CMEs in the United States find ready funding from corporate sponsors, but big pharmaceuticals have little interest in countries that can’t afford their products and services.  With neither money nor sponsors, Matthias and Akeza turned to their friends.  Akeza brought in Marguerite Callaway, a health-care systems consultant and president of Callaway Group, LLC. from Chicago, and Jim Everett, a respected mentor of Akeza’s with international expertise and the resources of the Ethiopian Health Support Foundation, a Kansas City-based charitable organization.  An incredible stroke of luck landed an event coordinator on their doorstep: Ethiopian-born Yoadan Tilahun, the wife of Akeza’s childhood friend, came to Addis on vacation.  An experienced event planner with her own business in Washington D.C., she accepted the challenge with only a promise of payment.   

Through his local contacts, Matthias attracted some of the best talent from Addis Ababa University, specialists who had already lectured in his internal UN continuing education initiative.  With persistence, he was able to obtain the endorsement of the Ethiopian Medical Association and the participation of Dr.

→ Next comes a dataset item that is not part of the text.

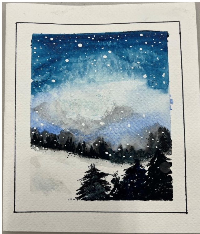
Thank you from M'WIKWEDONG Indigenous Friendship Centre

Gemechis Mamo, Secretary of the EMA, who would open the conference.

  Over the next six months, there were moments when each of them was on the verge of giving up; strapped for funding, they feared they were dreaming too big and aiming too high.  There were so many pieces to fit together, and the only glue was their visionary leadership and the power of their dream.  This conference was about much more than sharing knowledge.  They wanted to build bridges.  They wanted to offer a forum where the diaspora of Ethiopian-born physicians, most of them living in the United States, might bring their expertise home and share it with their native colleagues.  They wanted to create strategic partnerships.  Above all, they wanted the event to reflect their own standards of excellence, and they wanted the participants to be recognized and valued for the intelligent, compassionate professionals that they are.  

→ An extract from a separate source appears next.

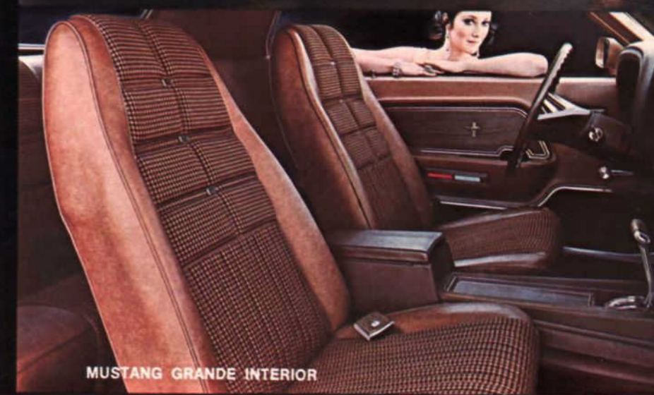
MUSTANG GRANDE INTERIOR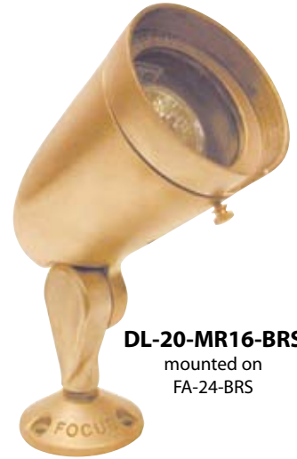
DL-20-MR16-BRS mounted on FA-24-BRS

    Somehow, miraculously, it began to come together.  Anonymous benefactors began to pony up.  Presenters offered to pay their own expenses.  Exhibitors – many of them local – trickled in.  With no money for publicity they relied on press releases, posters and good old fashioned word of mouth.

    Based on an optimistic estimate of 250 participants, they raised enough money to include the Sheraton-catered lunch at no charge.  Less than a week before the conference, they had nearly 500 registrations and not enough in the kitty to feed them.  Dr. Lademann began to stew.  He was in such a state that his head nurse noticed and asked what was bothering him.  “I need a miracle,” he said.  “Be specific,” she said.  “I need $7,000.”  “Let me see what I can do,” she replied.  That afternoon, she gave him a call.  “It’s done.  You have the money.”

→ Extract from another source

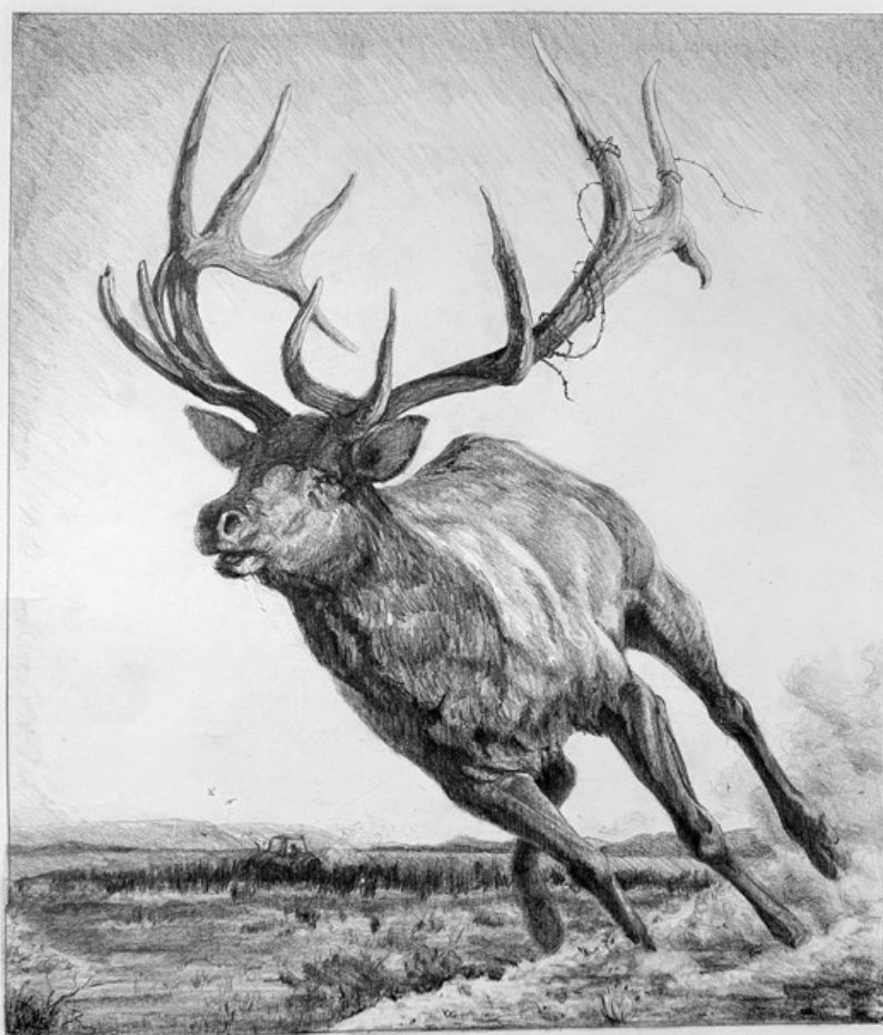
"Shifting Winds Compositional Drawing" 2025, Graphite on paper, 56 x 41 cm, 22 x 16 in (unframed), Handmade poplar frame

GALLERY POULSEN CONTEMPORARY FINE ARTS - COPENHAGEN

    The pioneering effort resulted in an overwhelmingly successful, well-organized conference with a record-breaking attendance.  Dr. Yewondwossen Tedesse of Addis Ababa University summed it up best.  “The high standards set by this CME would possibly elevate the standards of other CMEs that follow, and inviting international speakers would allow people practicing here to create links with people working in other facilities and may open ways for training and research.”

It was the kind of event that drew the diaspora home, some of them for the first time in over twenty years.  Thanks to the vision and tenacity of a few dedicated people, dialogs were opened, and new ways of doing things were learned.  Bridges were built between continents, old friendships were renewed, and seeds were planted for an ongoing and robust continuing medical education program in Ethiopia.